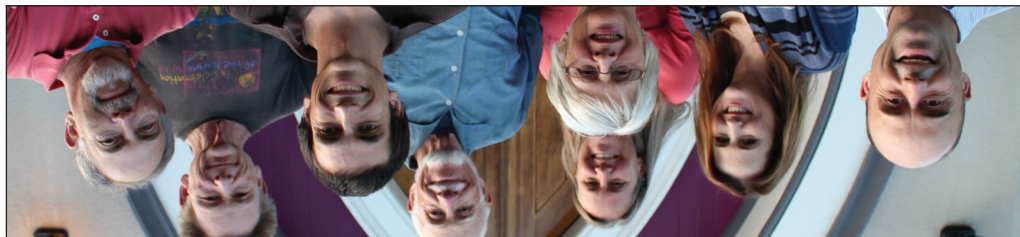
Members of the St. Paul's Vestry, Our Board of Directors
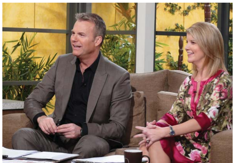
Co-hosting 9am with David Reyne
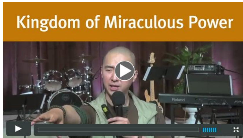
April 9, 2017 Unification Sanctuary Sermon, Rev. Hyung Jin Moon

The kingdom of God is not just in words, but in power, drawing on the "ruach" or invisible breath of God. Evil grows when good people are emasculated, do not stand up for what is right. Men must take up their responsibility as protectors, "sheep dogs" and "peace police" of their families, communities, nation and God's Kingdom.
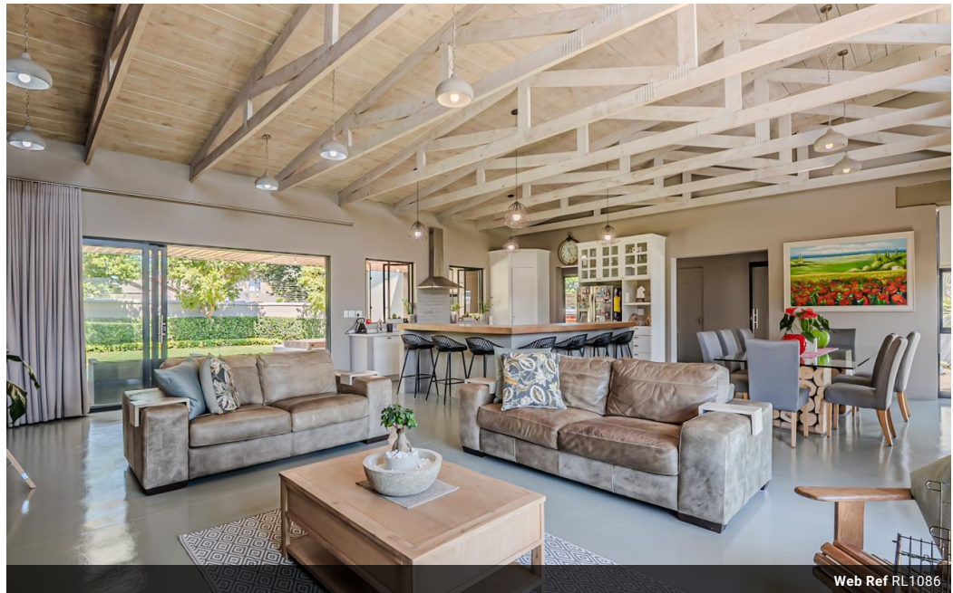
Web Ref RL1086
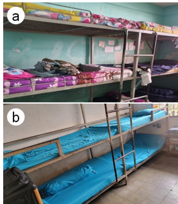
Figure 1 . Bed arrangements in Yayasan Griya Asih Orphanage: (a) Initial condition; (b) Current condition

This situation prompted us to organize community service activities to eradicate head lice from Yayasan Griya Asih Orphanage to improve the health and well-being of all residents. The ultimate goal of these community service activities was to eradicate head lice infestation at Yayasan Griya Asih Orphanage.
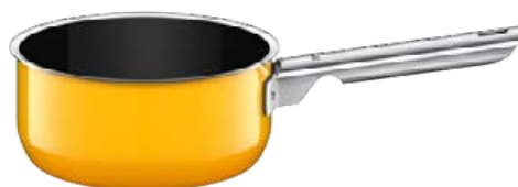
Saucepan without lid Ø 16 cm Item no.: 21 0429 8168

All products from the Passion series are available in these colours:
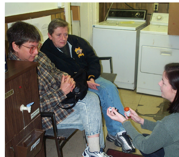
Program for the Underserved
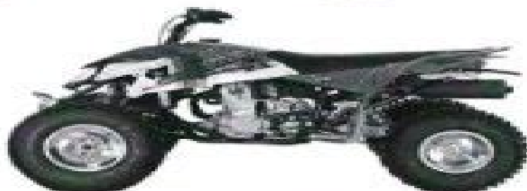
OUTLAW 525 S
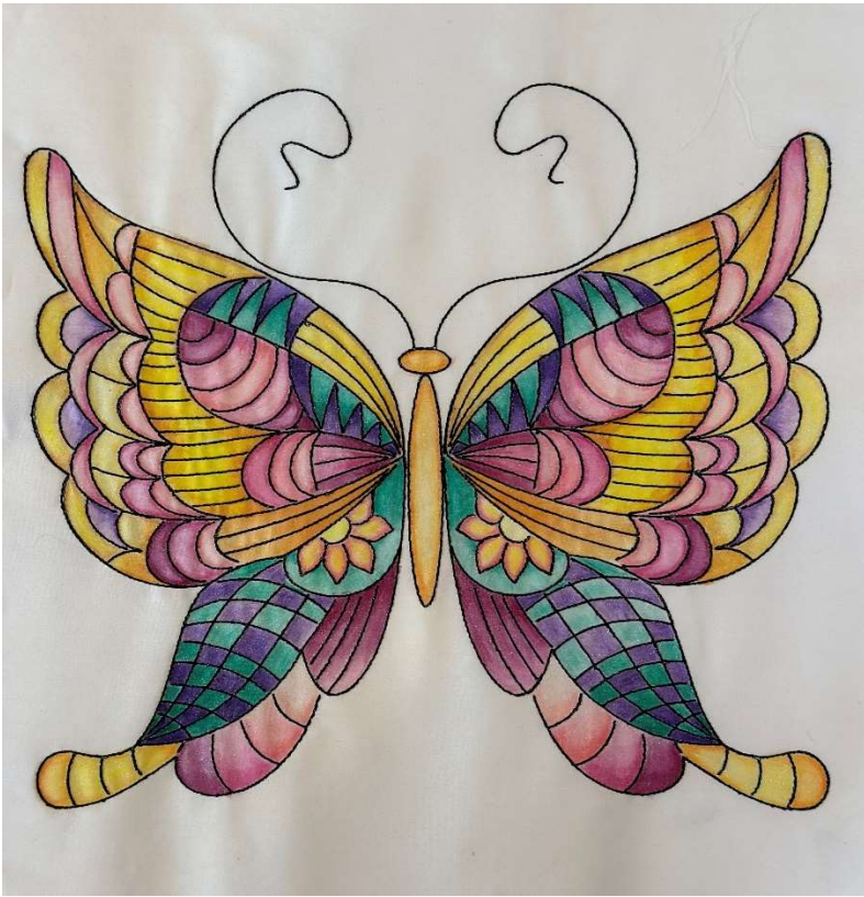
Butterfly 3: Ink or Watercolor with focus on shading
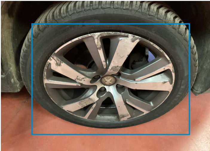
9. Rim / Front Right Out of Bodywork / Scratch -
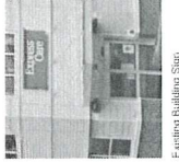
Existing Building Sign
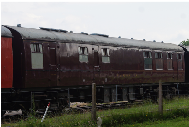
M1970 at Peak Rail Dan Cardwell
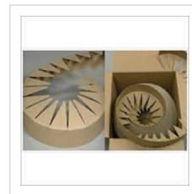
Wrap Round Angle Edge Board
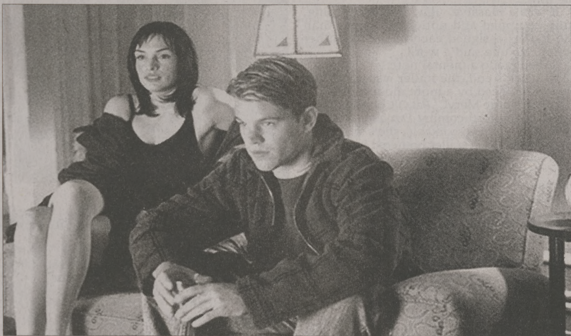
Matt Damon and Famke Jansen star in the new Miramax release Rounders .
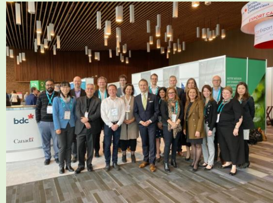
Minister O'Regan with the 10 BESC finalists and NRCan staff at GLOBE 2020, February 2020

Breakthrough Energy Ventures (BEV) and the Business Development Bank of Canada (BDC) have each committed up to $10 million in follow-on funding. BESC leverages NRCan's technical expertise and funding as well as business development and investment support from BEV and BDC.
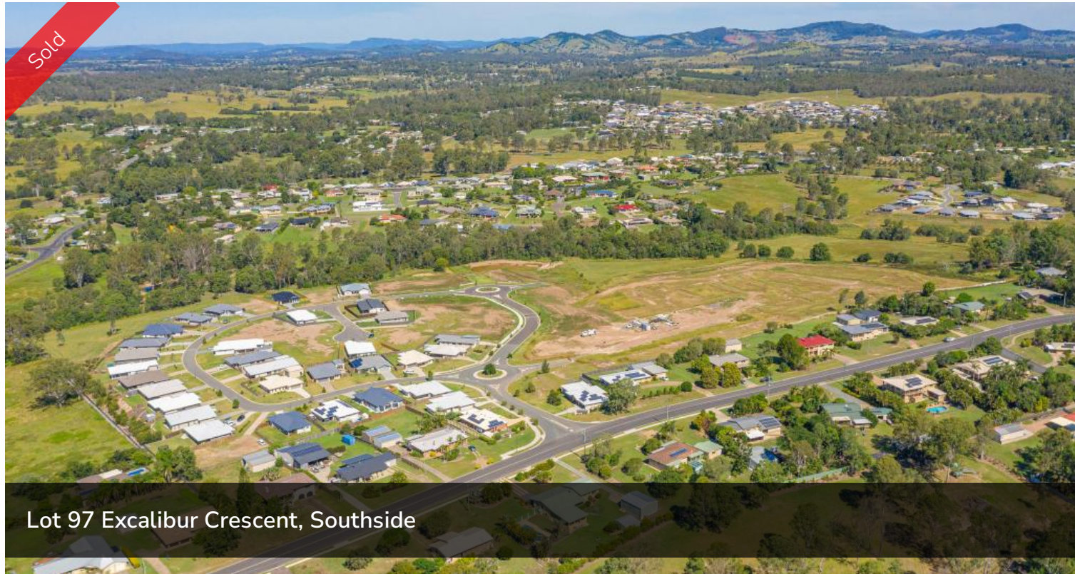
Lot 97 Excalibur Crescent, Southside
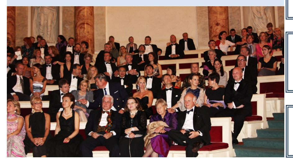
Hermitage Theater, St. Petersburg, Russia.
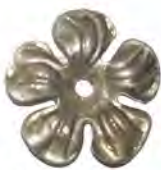
SL-146 Φ 80
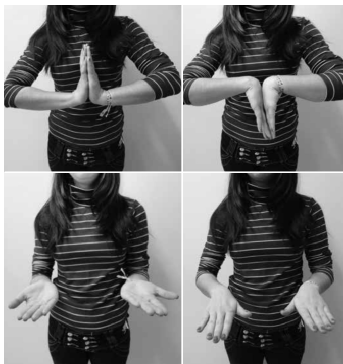
Figure 4 – Functional result.
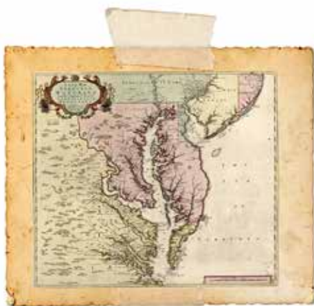
Colony of Maryland map, circa 1685
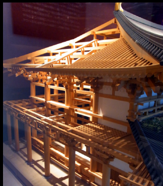
Chukondo (under construction at Kofuku-ji temple)

download from http://www.kyoto-station-building.co.jp/map_en/index.html
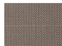
Saddle Stitch 7612
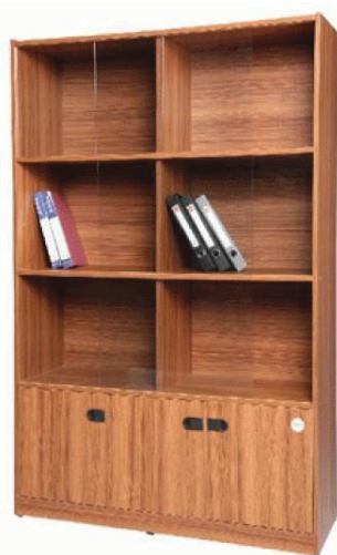
MODEL : SFH-OC-06-11

Task statement =
The required output is the exact lines from the opening line of the entries through the line with "The kingdom of", inclusive, without pictures.

Answer to this problem =
Members of the St. Paul's Vestry, Our Board of Directors
Co-hosting 9am with David Reyne
April 9, 2017 Unification Sanctuary Sermon, Rev. Hyung Jin Moon

The kingdom of God is not just in words, but in power, drawing on the "ruach" or invisible breath of God. Evil grows when good people are emasculated, do not stand up for what is right. Men must take up their responsibility as protectors, "sheep dogs" and "peace police" of their families, communities, nation and God's Kingdom.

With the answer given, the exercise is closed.